En France, Jacques André et d’autres, issus du monde sportif et/ou éducatif, ont vulgarisé cette
aptitude de motivation du maître en l’outillant de façon précise en situation d’apprentissage : codéfinition des règles de classe, explicitation des objectifs pédagogiques et du déroulé des séquences,
écoute active, variation et intérêt des tâches et bien sûr évaluation appropriée (conception et
correction).
J. André dit :
"La motivation est une force psychologique qui peut-être considérable… Ainsi,
motiver, c’est faciliter l’émergence des ressources de la personne, lui
permettre de réaliser l’accord entre ses besoins et des buts".
(cf. un document en PDF de 8 pages intitulé "Différenciation ou conformisation
différenciée" :
http://spirale-edurevue.fr/IMG/pdf/HS3_ANDRE_Jacques_Differenciation_ou_conformisation_d
ifferenciee_-_Spirale_HS1_1999_.pdf)
Page 3 sur 4
Rolland Viau schématise la "dynamique motivationnelle" d’un élève en trois sources : la
perception de la valeur d’une activité, la perception de sa compétence à l’accomplir, la perception de
contrôlabilité sur son déroulement.
Ces trois sources interagissent et vont produire différentes manifestations de l’élève : de
l’engagement cognitif de l’élève (qui va montrer persévérance et performance) à son abandon pur et
simple, sanctionné par l’échec.
(cf. un questionnaire sur la qualité motivationnelle d’une séquence à remplir
par les élèves établi par R. Viau : http://correspo.ccdmd.qc.ca/Corr53/Viau.html).
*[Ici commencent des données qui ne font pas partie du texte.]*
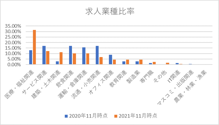 全国的に新型コロナウイルスの感染者が減少傾向にある現在、求人数は増えています。特に2020年と2021年を比較すると(下図参照)医療、福祉関連の求人比率が大幅に伸長していることが特徴です。

Rolland Viau poursuit ainsi :
"Faire de l’évaluation une composante de l’enseignement qui favorise la
motivation de tous les élèves, y compris ceux qui ont des difficultés
d’apprentissage, se révèle un défi de taille pour un enseignant, d’autant plus
qu’il doit souvent se plier aux règles et aux normes édictées par son
établissement scolaire.
Les six recommandations générales qui suivent pourraient aider les
enseignants à relever ce défi.
1- Choisir des critères d'évaluation sur :
a) les apprentissages réalisés,
b) le progrès accompli,
c) l'effort déployé,
d) les améliorations à apporter.
2- Formuler des commentaires sur les travaux plutôt que se contenter de
les noter.
3- Donner la possibilité à l’élève de savoir non seulement ce sur quoi il a
échoué, mais aussi ce qu’il a bien réussi et ce qu’il doit améliorer.
4- Utiliser un objet d'évaluation qui démontre le processus
d'apprentissage et le progrès accompli par l'élève (p. ex. : le portfolio).
5- Fournir à l’élève des outils qui lui permettront de s’autoévaluer.
6- Adopter une pratique évaluative qui élimine le plus possible la
compétition et la comparaison.
Ces recommandations ne résoudront sûrement pas tous les problèmes
motivationnels que l’évaluation provoque chez un grand nombre d’élèves.
Elles montrent cependant qu’il est possible d’amener l’élève à considérer
l’évaluation en classe non pas comme un simple instrument de sanction ou de
sélection, mais aussi comme un moyen d’apprécier plus adéquatement ce
qu’il a appris et ce qu’il lui reste à apprendre".